Transports

Bénéfices en hausse et revenus records prévus pour les compagnies aériennes en 2024

L'Association du transport aérien international (IATA) a annoncé des projections de rentabilité renforcées pour les compagnies aériennes en 2023, qui se stabiliseront ensuite largement en 2024. Toutefois, la rentabilité nette au niveau mondial devrait être bien inférieure au coût du capital au cours des deux années. Des variations régionales très significatives en matière de performance financière subsistent.

Les points saillants d’Outlook incluent :

Les bénéfices nets du secteur aérien devraient atteindre 25,7 milliards de dollars en 2024 (marge bénéficiaire nette de 2,7 %). Il s’agira d’une légère amélioration par rapport à 2023, qui devrait générer un bénéfice net de 23,3 milliards de dollars (marge bénéficiaire nette de 2,6 %).

En 2023 comme en 2024, le rendement du capital investi sera inférieur de 4 points de pourcentage au coût du capital, les taux d’intérêt ayant augmenté partout dans le monde en réponse à la forte impulsion inflationniste.

Les bénéfices d’exploitation du secteur aérien devraient atteindre 49,3 milliards de dollars en 2024, contre 40,7 milliards de dollars en 2023.

Les revenus totaux en 2024 devraient croître de 7,6 % sur un an pour atteindre un montant record de 964 milliards de dollars.

La croissance des dépenses devrait être légèrement inférieure, à 6,9 %, pour un total de 914 milliards de dollars.

Quelque 4,7 milliards de personnes devraient voyager en 2024, un record historique qui dépasse le niveau pré-pandémique de 4,5 milliards enregistré en 2019.

Les volumes de fret devraient atteindre respectivement 58 et 61 millions de tonnes en 2023 et 2024.
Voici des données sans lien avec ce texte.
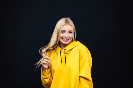 Portrait of a girl with long blonde hair in a yellow jacket, smiling, close-up.

« Compte tenu des pertes importantes de ces dernières années, le bénéfice net de 25,7 milliards de dollars attendu en 2024 est un hommage à la résilience de l'aviation. Les gens adorent voyager et cela a aidé les compagnies aériennes à revenir aux niveaux de connectivité d’avant la pandémie. La rapidité de la reprise a été extraordinaire ; Pourtant, il semble également que la pandémie ait coûté à l’aviation environ quatre années de croissance. À partir de 2024, les perspectives indiquent que nous pouvons nous attendre à des modèles de croissance plus normaux pour les passagers et le fret », a déclaré Willie Walsh, directeur général de l'IATA.

« Les bénéfices de l’industrie doivent être mis en perspective. Même si la reprise est impressionnante, une marge bénéficiaire nette de 2,7 % est bien inférieure à ce que les investisseurs de presque tous les autres secteurs accepteraient. Bien entendu, de nombreuses compagnies aériennes s’en sortent mieux que cette moyenne, et nombre d’entre elles sont en difficulté. Mais il y a quelque chose à retenir du fait qu’en moyenne les compagnies aériennes ne retiennent que 5,45 dollars pour chaque passager transporté. C'est à peu près suffisant pour acheter un « grande latte » de base dans un Starbucks de Londres. Mais c’est bien trop peu pour bâtir un avenir résilient aux chocs pour une industrie mondiale essentielle dont dépend 3,5 % du PIB et dont 3,05 millions de personnes tirent directement leur subsistance. Les compagnies aériennes seront toujours en concurrence féroce pour attirer leurs clients, mais elles restent bien trop accablées par une réglementation onéreuse, la fragmentation, des coûts d’infrastructure élevés et une chaîne d’approvisionnement peuplée d’oligopoles », a déclaré Walsh.

Pilotes Outlook

Les revenus globaux en 2024 devraient augmenter plus rapidement que les dépenses (7,6 % contre 6,9 ​​%), renforçant ainsi la rentabilité. Alors que les bénéfices d’exploitation devraient augmenter de 21,1 % (40,7 milliards de dollars en 2023 à 49,3 milliards de dollars en 2024), les marges bénéficiaires nettes ont augmenté à moins de la moitié du rythme (10 %), en grande partie en raison de la hausse des taux d’intérêt attendue en 2024.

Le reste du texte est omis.